### TASK TO CARRY OUT
Go to the line that contains "Состав: мясо и", then write out that line and all that follow to the end of the listing, exactly and without pictures.

### DATA TO PROCESS
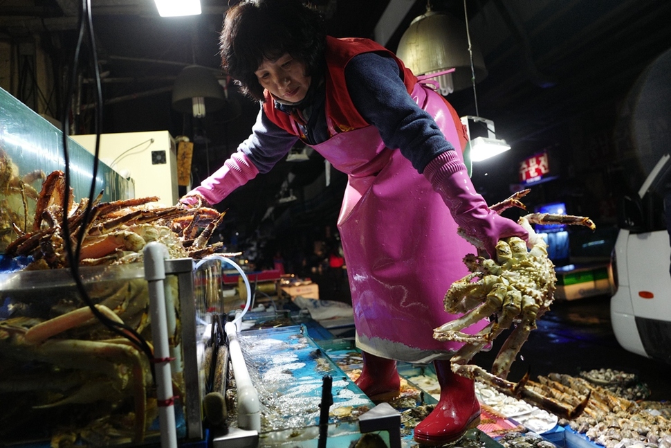 한 상인이 11월7일 수협의 단전으로 폐사 위기에 처한 대게를 급히 옮기고 있다.
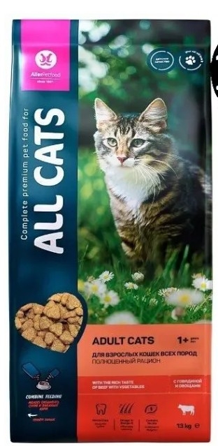 Состав: мясо и продукты животного происхождения (в том числе из говядины мин. 6 %), цельные зерна пшеницы, цельные зерна кукурузы, овощи (горох, свекловичный жом, морковь), пшеничные отруби, кукурузный глютен, масла и жиры, пивные дрожжи, рыба и рыбные субпродукты (источник Омега-3 и Омега-6 жирных кислот), минеральные вещества и витамины, таурин, антиоксиданты, консервант.
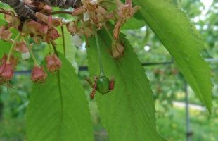 現在のさくらんぼの様子です。 花が散り、やっと小さな実が付き出しました。 こちら…
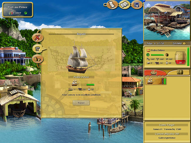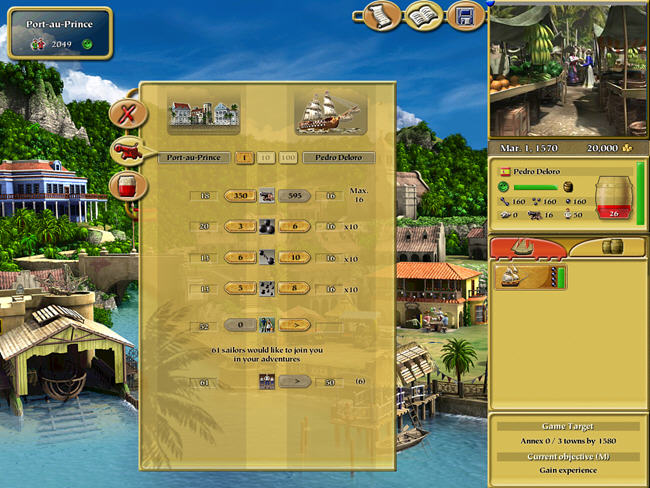 游戏的时间背景的跟大航海时代一样的中世纪,大概跨度是15xx-16xx年。而那时候的航海确实是每个欧洲人的梦。我们的主角开始只有一艘船和很有限的资金。而我们所需要完成的任务就是利用手上有限的船只和资金来努力扩大自己,你可以完成任务,来往城市直接做生意,当然还有当海盗抢劫,从而成为整个海洋的霸主。
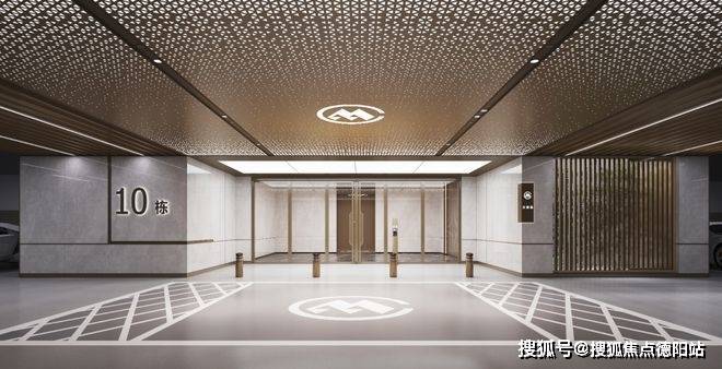 主入口采用门庭与景观一体化设计。超30米阔尺仪门与约5.6米挑高,采用深灰石材墙面与铝板顶饰,彰显尊崇气质;
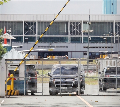 3月11日,在菲律宾大马尼拉地区的帕赛,在菲前总统杜特尔特被拘留地执勤的车辆。 新华社发
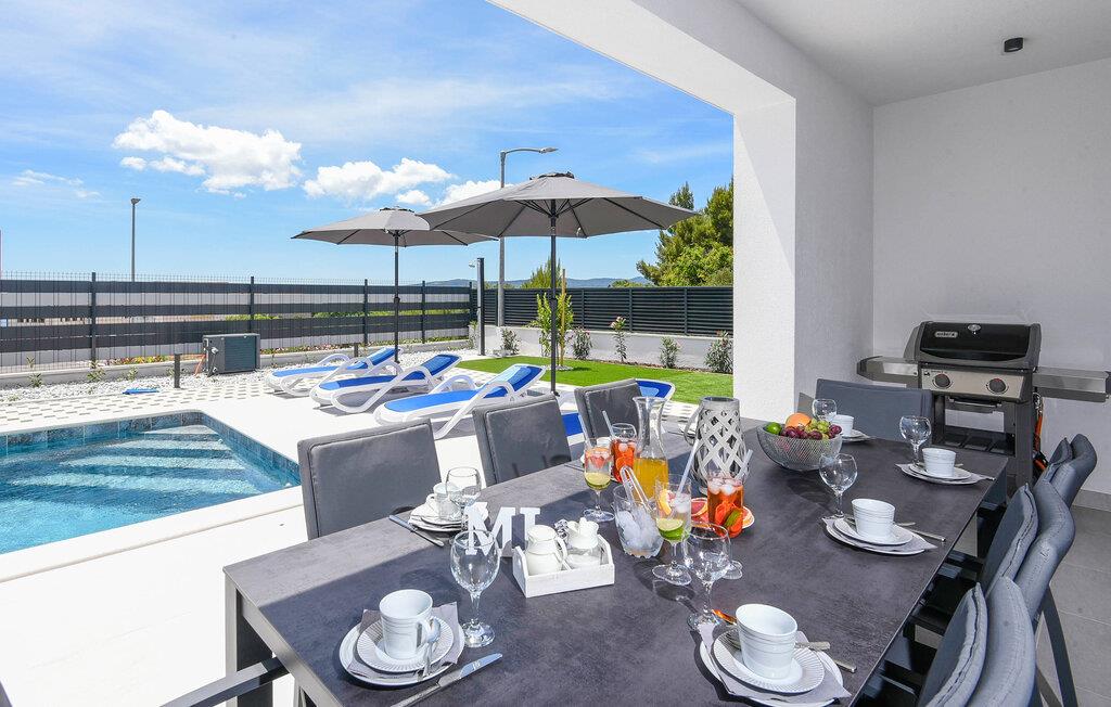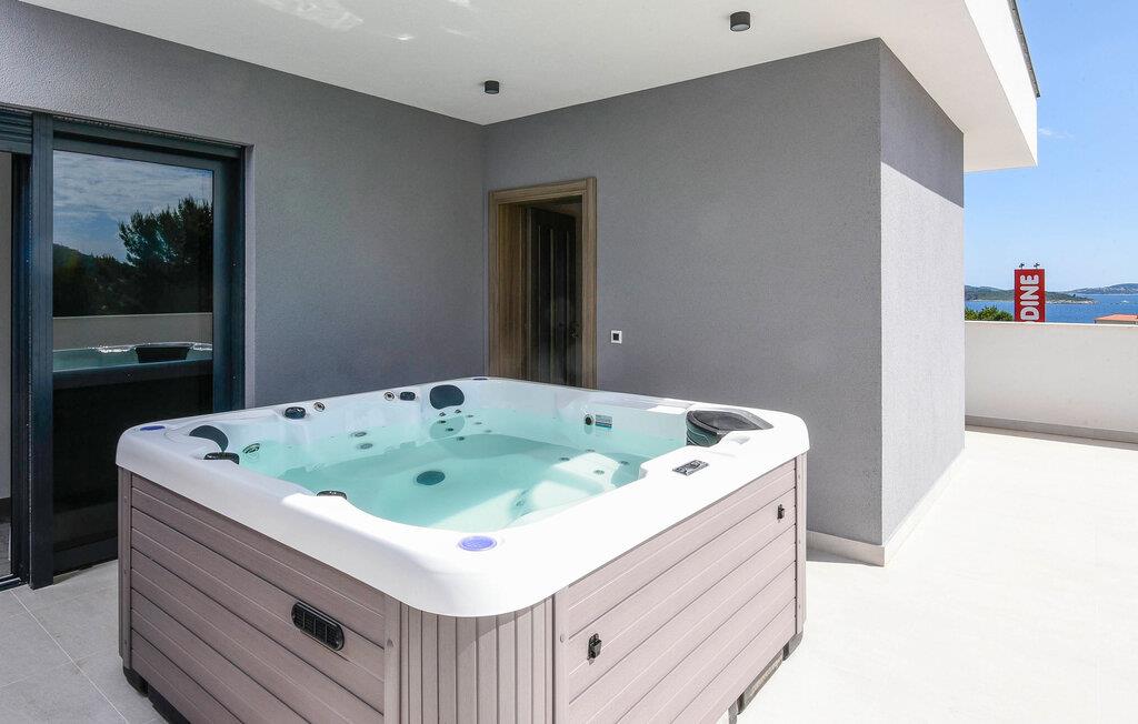 Begynd dagene veludhvilet og lad jer inspirere af den moderne indretning i det veludstyrede køkken for at tilberede en solid morgenmad til hele familien. Om I nyder det indenfor ved det elegante spisebord eller udenfor på den overdækkede terrasse med grill er op til jer. Om eftermiddagen inviterer liggestolene jer til at nyde en frisk drink. Eller sidde på balkonen og nyde den betagende udsigt over det dybe blå hav i det fjerne. Her finder I også et beroligende spabad. Den private pool byder på forfriskning, hvor I kan bade til jeres hjertes lyst. Fitnessrummet sørger for, at I holder jer i form selv på ferien, og I kan slappe helt af i hotellets sauna.
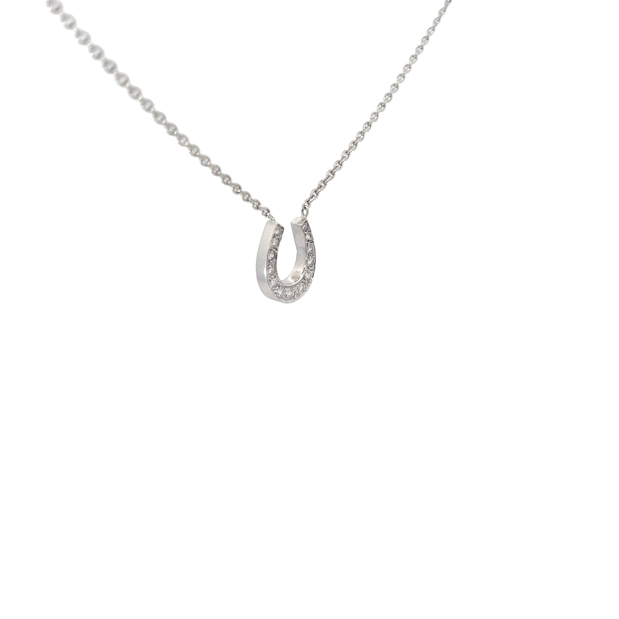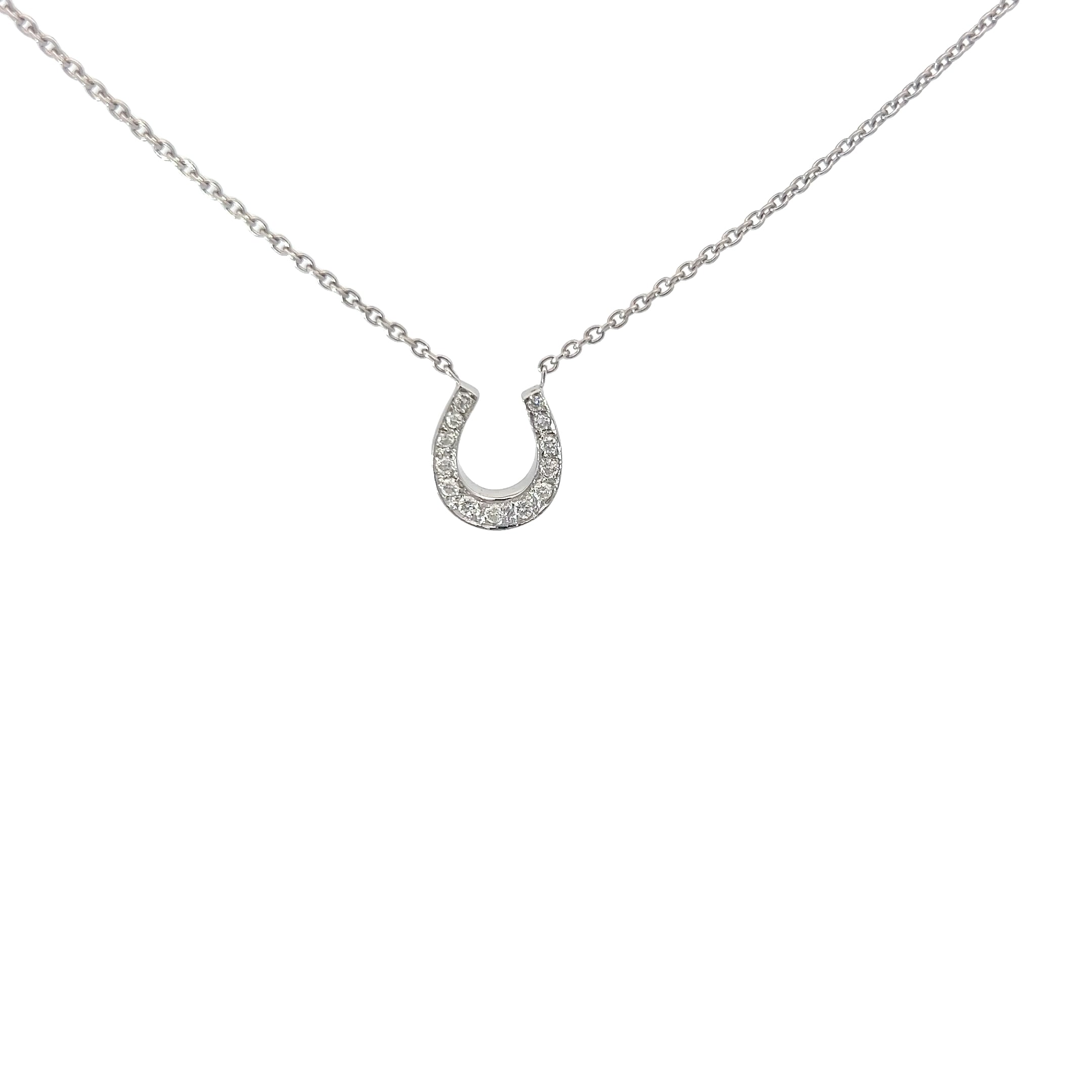 This breathtaking horseshoe pendant is crafted from 14k white gold and features a dazzling .25ct H VS2 round diamond. Weighing 4.50 grams and measuring 16 inches, it is the perfect piece to add to your jewelry collection. Show off your passion for fine jewelry with this exquisite pendant today!

### EXERCISE SOLUTION
 Состав: мясо и продукты животного происхождения (в том числе из говядины мин. 6 %), цельные зерна пшеницы, цельные зерна кукурузы, овощи (горох, свекловичный жом, морковь), пшеничные отруби, кукурузный глютен, масла и жиры, пивные дрожжи, рыба и рыбные субпродукты (источник Омега-3 и Омега-6 жирных кислот), минеральные вещества и витамины, таурин, антиоксиданты, консервант.
 現在のさくらんぼの様子です。 花が散り、やっと小さな実が付き出しました。 こちら…
 游戏的时间背景的跟大航海时代一样的中世纪,大概跨度是15xx-16xx年。而那时候的航海确实是每个欧洲人的梦。我们的主角开始只有一艘船和很有限的资金。而我们所需要完成的任务就是利用手上有限的船只和资金来努力扩大自己,你可以完成任务,来往城市直接做生意,当然还有当海盗抢劫,从而成为整个海洋的霸主。
 主入口采用门庭与景观一体化设计。超30米阔尺仪门与约5.6米挑高,采用深灰石材墙面与铝板顶饰,彰显尊崇气质;
 3月11日,在菲律宾大马尼拉地区的帕赛,在菲前总统杜特尔特被拘留地执勤的车辆。 新华社发
 Begynd dagene veludhvilet og lad jer inspirere af den moderne indretning i det veludstyrede køkken for at tilberede en solid morgenmad til hele familien. Om I nyder det indenfor ved det elegante spisebord eller udenfor på den overdækkede terrasse med grill er op til jer. Om eftermiddagen inviterer liggestolene jer til at nyde en frisk drink. Eller sidde på balkonen og nyde den betagende udsigt over det dybe blå hav i det fjerne. Her finder I også et beroligende spabad. Den private pool byder på forfriskning, hvor I kan bade til jeres hjertes lyst. Fitnessrummet sørger for, at I holder jer i form selv på ferien, og I kan slappe helt af i hotellets sauna.
 This breathtaking horseshoe pendant is crafted from 14k white gold and features a dazzling .25ct H VS2 round diamond. Weighing 4.50 grams and measuring 16 inches, it is the perfect piece to add to your jewelry collection. Show off your passion for fine jewelry with this exquisite pendant today!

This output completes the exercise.